● INSTRUCTIONS TO FOLLOW: The line containing "総運![]() | 末岡裕人さんの総運は28画の1つ星!家庭環境に注意。スポーツで活躍できる能力があるかも。", plus every line that follows it to the end of the listing below, is what you transcribe exactly; omit all pictures.

● DATASET EXCERPT:
>>>>>

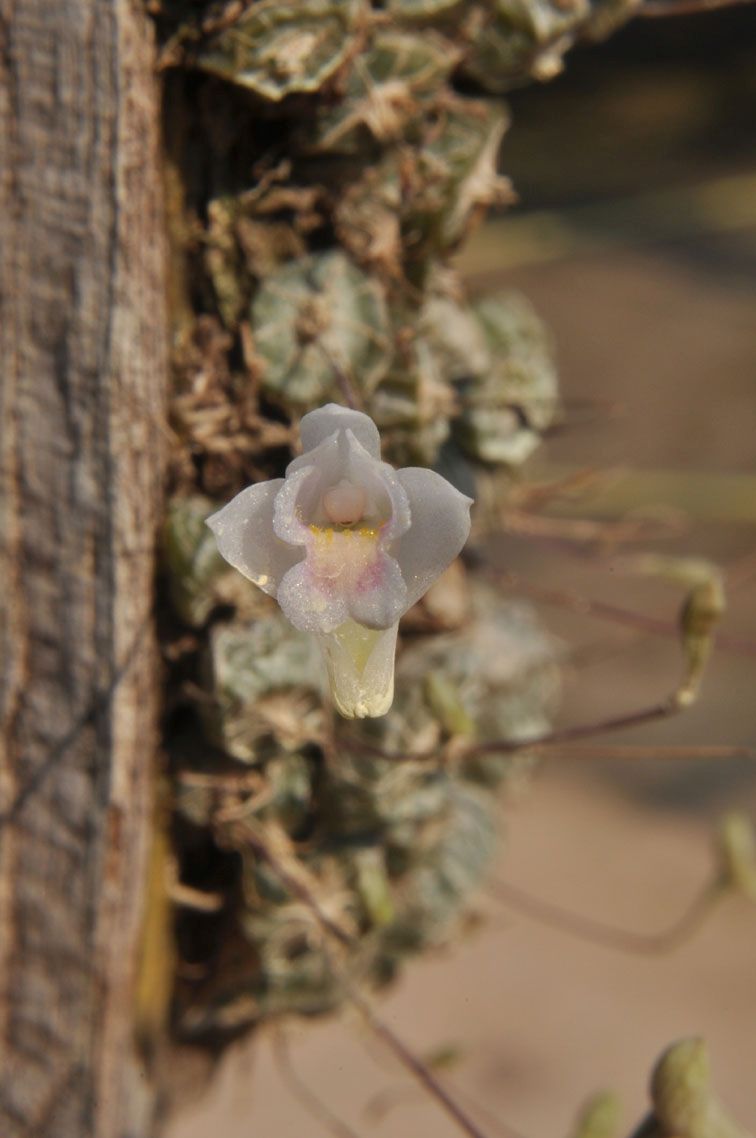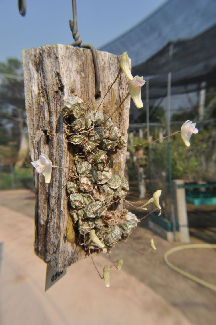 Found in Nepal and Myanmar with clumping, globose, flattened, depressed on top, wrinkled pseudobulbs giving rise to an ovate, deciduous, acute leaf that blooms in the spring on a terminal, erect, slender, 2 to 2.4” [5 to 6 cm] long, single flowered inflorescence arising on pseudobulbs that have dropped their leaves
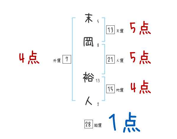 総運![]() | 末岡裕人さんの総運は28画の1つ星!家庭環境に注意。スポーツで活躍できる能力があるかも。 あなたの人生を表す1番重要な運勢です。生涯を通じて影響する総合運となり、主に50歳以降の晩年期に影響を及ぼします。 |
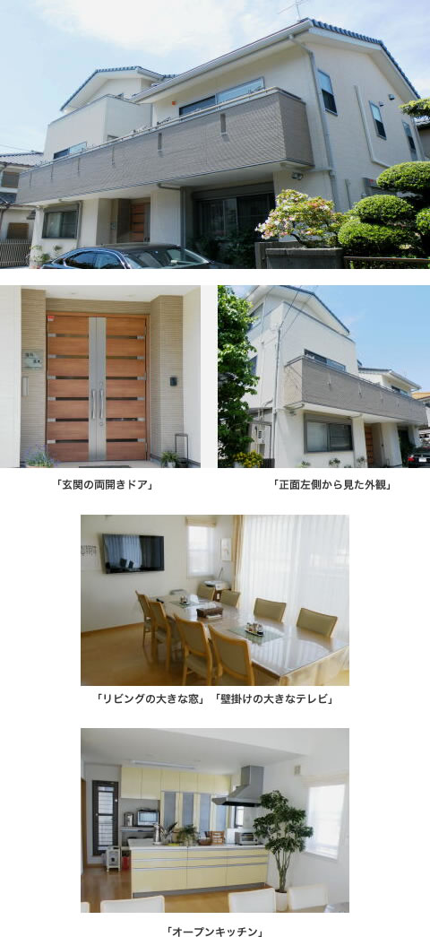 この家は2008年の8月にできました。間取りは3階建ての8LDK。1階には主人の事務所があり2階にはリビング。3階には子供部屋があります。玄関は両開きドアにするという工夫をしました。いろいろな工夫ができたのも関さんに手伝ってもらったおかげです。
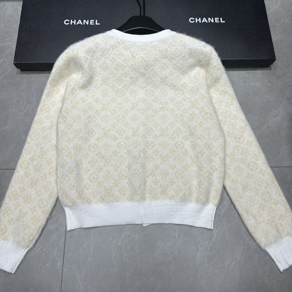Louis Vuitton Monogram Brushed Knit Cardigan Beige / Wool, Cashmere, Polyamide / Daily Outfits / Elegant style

<<<<<

● ANSWER SECTION:
 総運![]() | 末岡裕人さんの総運は28画の1つ星!家庭環境に注意。スポーツで活躍できる能力があるかも。 あなたの人生を表す1番重要な運勢です。生涯を通じて影響する総合運となり、主に50歳以降の晩年期に影響を及ぼします。 |
 この家は2008年の8月にできました。間取りは3階建ての8LDK。1階には主人の事務所があり2階にはリビング。3階には子供部屋があります。玄関は両開きドアにするという工夫をしました。いろいろな工夫ができたのも関さんに手伝ってもらったおかげです。
Louis Vuitton Monogram Brushed Knit Cardigan Beige / Wool, Cashmere, Polyamide / Daily Outfits / Elegant style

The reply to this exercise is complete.